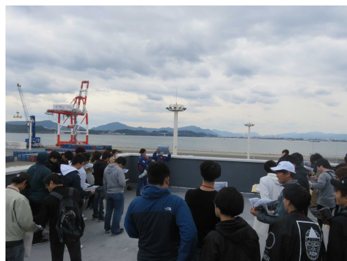
長州出島見学の様子
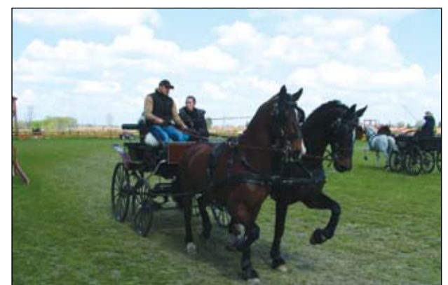
Bakon az ifjúság
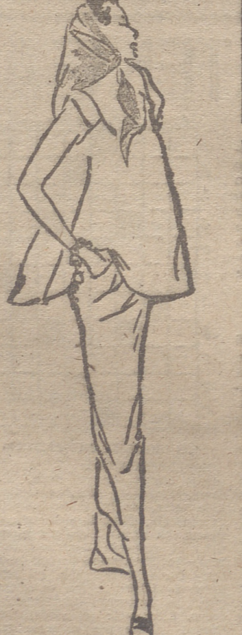
En el casino, que si hay ocasión de bailar sin ceremonias. Para esas horas se señala, dos modelos; un vestido descotado en oval con falda no muy ancha y muy corta, es encaje de seda rosa pálido, con un gran
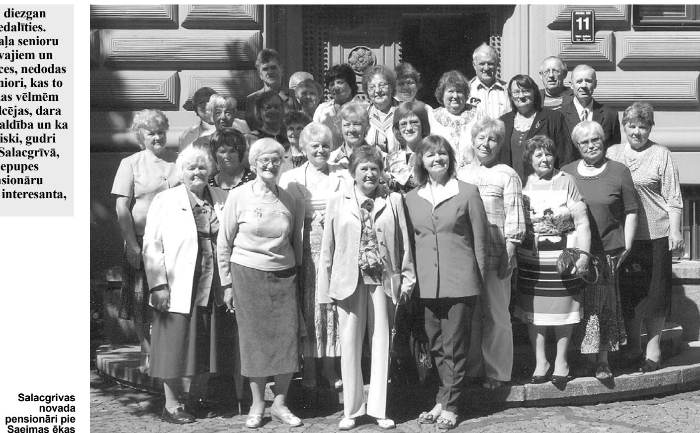
Salacgrīvas novada pensionāri pie Saeimas ēkas

Atstājot Saeimas namu, nofotografējāmies uz ieejas kāpnēm un devāmies uz Latvijas Televīziju. Pazīstamais, daudzkārt medijos redzētais ēkas apveids, plašās telpas, studijas ar augsto griestu krēslā manāmām prožektoru virtenēm un kamerām, kas gatavas darbam... Dažu iecienītu raidījumu dekorācijas studijā liekas itin niecīgas un neizteiksmīgas. Šeit veido raidījumus 100 g kultūras , Sastrēgumstunda , Panorāma u.c. Neliela raidījuma galviņa , neliels galds un daži krēsli, bet visu pārējo - attēla plašumu un dziļumu, gaismu un krāsu rotaļas - panāk ar optisko ierīču palīdzību. Apskatījām pirmās TV raidījumu uzņemšanas iekārtas - smagas un grūti pārvietojamas, pirmos televizorus ar niecīgiem ekrāniņiem. Lai attēlu padarītu lielāku, tiem priekšpusē novietots stikla rezervuārs ar ūdeni vai liela lēca. Bija daudz tādu televizoru, kādus atceramies redzējuši savā jaunībā. Nu tie te glabājas kā muzejiska vērtība par izbrīnu mūsu mazbērniem, kuri jau pieraduši vērot planos lielformāta plazmas ekrānus.

• Exercise directions
All lines from the first in the listing above to the line containing "Salacgrīvas novada pensionāri", inclusive, go in the output exactly as they are; no pictures go in.

• Solution for this problem
長州出島見学の様子
Bakon az ifjúság
En el casino, que si hay ocasión de bailar sin ceremonias. Para esas horas se señala, dos modelos; un vestido descotado en oval con falda no muy ancha y muy corta, es encaje de seda rosa pálido, con un gran
Salacgrīvas novada pensionāri pie Saeimas ēkas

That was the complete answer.